◆ DATA TO PROCESS:
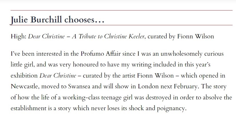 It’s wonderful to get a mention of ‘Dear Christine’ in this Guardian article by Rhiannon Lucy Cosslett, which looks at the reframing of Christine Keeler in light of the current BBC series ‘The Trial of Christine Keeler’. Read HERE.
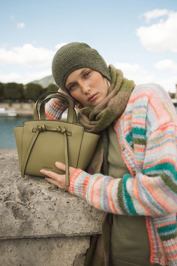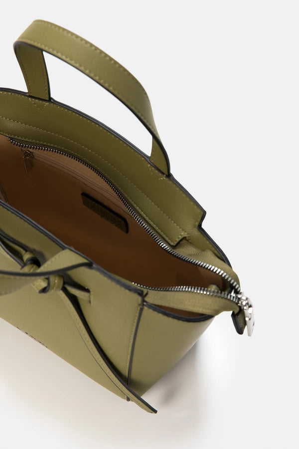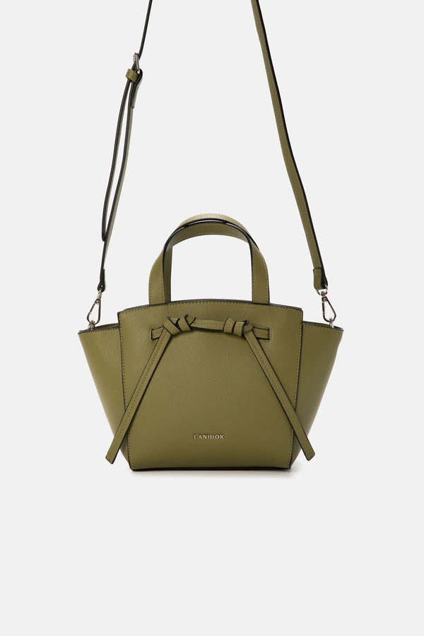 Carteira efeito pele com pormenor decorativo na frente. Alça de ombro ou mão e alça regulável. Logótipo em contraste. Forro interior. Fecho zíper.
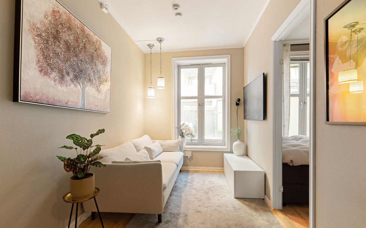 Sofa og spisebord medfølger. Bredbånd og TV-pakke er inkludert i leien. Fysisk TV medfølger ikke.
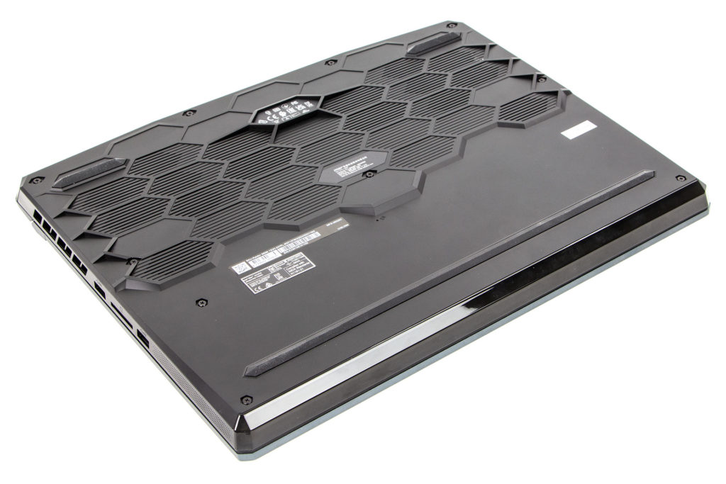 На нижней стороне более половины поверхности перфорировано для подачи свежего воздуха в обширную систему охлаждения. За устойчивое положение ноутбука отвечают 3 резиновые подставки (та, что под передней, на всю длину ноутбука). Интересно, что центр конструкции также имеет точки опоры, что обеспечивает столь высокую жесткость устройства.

* * *

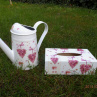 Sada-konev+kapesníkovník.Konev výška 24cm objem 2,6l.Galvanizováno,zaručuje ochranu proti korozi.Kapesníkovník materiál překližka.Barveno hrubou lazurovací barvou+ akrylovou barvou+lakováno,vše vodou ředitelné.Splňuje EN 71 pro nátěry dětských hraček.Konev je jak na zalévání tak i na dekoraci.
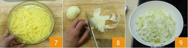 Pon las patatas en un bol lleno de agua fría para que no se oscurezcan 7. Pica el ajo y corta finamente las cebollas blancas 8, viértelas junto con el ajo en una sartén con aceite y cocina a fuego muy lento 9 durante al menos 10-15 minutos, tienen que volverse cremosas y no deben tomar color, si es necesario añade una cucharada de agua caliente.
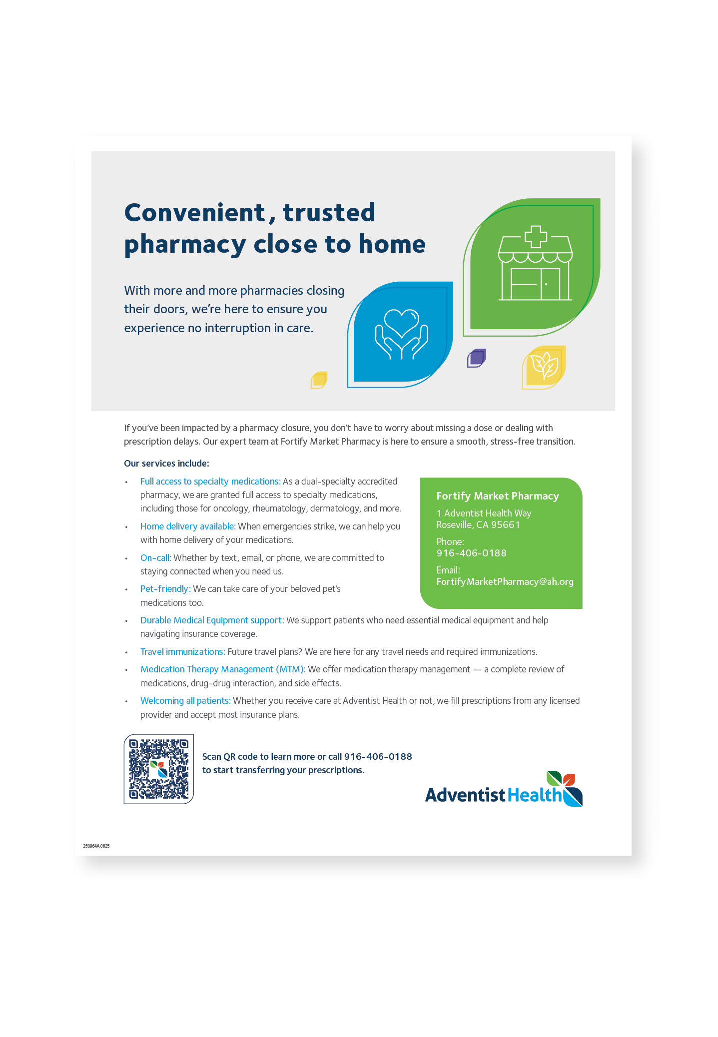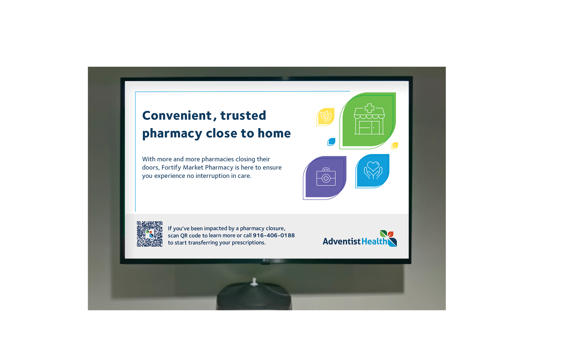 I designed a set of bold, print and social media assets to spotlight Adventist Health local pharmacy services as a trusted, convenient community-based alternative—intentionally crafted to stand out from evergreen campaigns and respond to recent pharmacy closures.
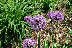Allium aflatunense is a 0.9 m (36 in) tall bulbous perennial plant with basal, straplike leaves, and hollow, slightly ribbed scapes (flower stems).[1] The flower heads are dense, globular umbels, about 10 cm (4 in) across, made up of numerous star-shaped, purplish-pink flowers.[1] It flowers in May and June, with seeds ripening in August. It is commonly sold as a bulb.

◆ ACTIVITY: Copy back exactly the lines above from the one containing "Sofa og spisebord" through the one containing "На нижней стороне", and leave every picture behind.

◆ REPLY:
 Sofa og spisebord medfølger. Bredbånd og TV-pakke er inkludert i leien. Fysisk TV medfølger ikke.
 На нижней стороне более половины поверхности перфорировано для подачи свежего воздуха в обширную систему охлаждения. За устойчивое положение ноутбука отвечают 3 резиновые подставки (та, что под передней, на всю длину ноутбука). Интересно, что центр конструкции также имеет точки опоры, что обеспечивает столь высокую жесткость устройства.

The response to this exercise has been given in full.